— ACTION ITEM —
Would you output all the lines below precisely as they stand, leaving each picture out?

— SOURCE MATERIAL —
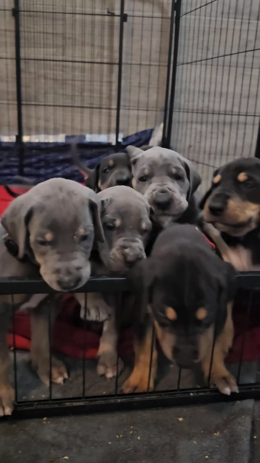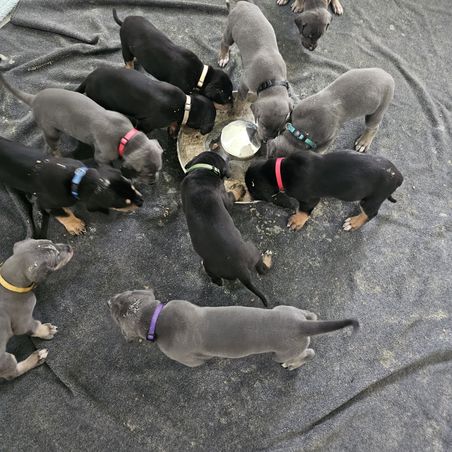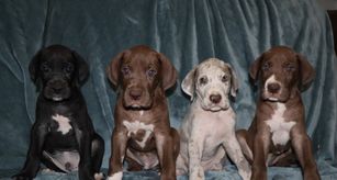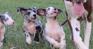 Our puppies include chocolate and white, silver, chocolate, blue, harlequin, merle, and black. Colors will vary depending on the parent dogs.
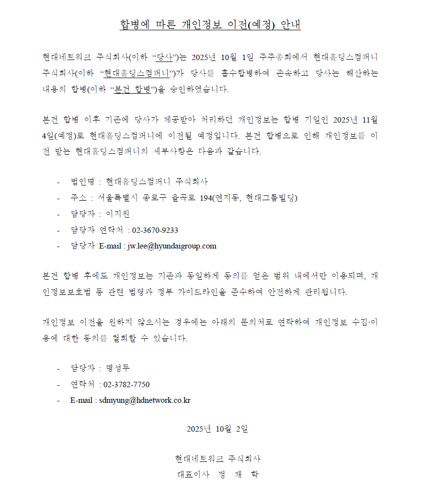 4 | 합병에 따른 개인정보이전 안내 |
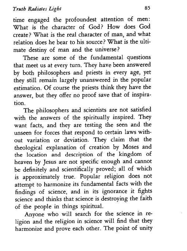 These are some of the fundamental questions that meet us at every turn. They have been answered by both philosophers and priests in every age, yet they still remain largely unanswered in the popular estimation. Of course the priests think they have the answer, but they offer no proof save that of inspiration. The philosophers and scientists are not satisfied with the answers of the spiritually inspired. They want facts, and they are testing the seen and the unseen for forces that respond to certain laws without variation or deviation. They claim that the theological explanation of creation by Moses and the location and description of the kingdom of heaven by Jesus are not specific enough and cannot be definitely and scientifically proved; all of which is approximately true. Popular religion does not attempt to harmonize its fundamental facts with the findings of science, and in its ignorance it fights science and thinks that science is destroying the faith of the people in things spiritual.
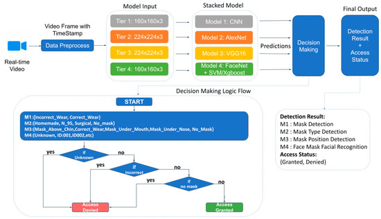 Figure 8 shows the stacking ensemble model architecture and the framework working flow. To acquire data, real-time video is processed by capturing video frames with timestamp and resizing to four tiers corresponding to required sizes for each model. Then input data feeds into the stacked model and the model generates a combination of predictions. The predictions include detection results for each feature, which are mask detection, mask type, mask position and identification. Besides the detection results, the predictions are used to determine access status as granted or denied by a decision-making process. If any of the prediction results contains any labels with no_mask, incorrect, or unknown, then the final output is presented with detection results and access status as denied. If the prediction contains labels as correct wear and identification, then the final output is presented with detection results and access status as access.

— EXERCISE SOLUTION —
 Our puppies include chocolate and white, silver, chocolate, blue, harlequin, merle, and black. Colors will vary depending on the parent dogs.
 4 | 합병에 따른 개인정보이전 안내 |
 These are some of the fundamental questions that meet us at every turn. They have been answered by both philosophers and priests in every age, yet they still remain largely unanswered in the popular estimation. Of course the priests think they have the answer, but they offer no proof save that of inspiration. The philosophers and scientists are not satisfied with the answers of the spiritually inspired. They want facts, and they are testing the seen and the unseen for forces that respond to certain laws without variation or deviation. They claim that the theological explanation of creation by Moses and the location and description of the kingdom of heaven by Jesus are not specific enough and cannot be definitely and scientifically proved; all of which is approximately true. Popular religion does not attempt to harmonize its fundamental facts with the findings of science, and in its ignorance it fights science and thinks that science is destroying the faith of the people in things spiritual.
 Figure 8 shows the stacking ensemble model architecture and the framework working flow. To acquire data, real-time video is processed by capturing video frames with timestamp and resizing to four tiers corresponding to required sizes for each model. Then input data feeds into the stacked model and the model generates a combination of predictions. The predictions include detection results for each feature, which are mask detection, mask type, mask position and identification. Besides the detection results, the predictions are used to determine access status as granted or denied by a decision-making process. If any of the prediction results contains any labels with no_mask, incorrect, or unknown, then the final output is presented with detection results and access status as denied. If the prediction contains labels as correct wear and identification, then the final output is presented with detection results and access status as access.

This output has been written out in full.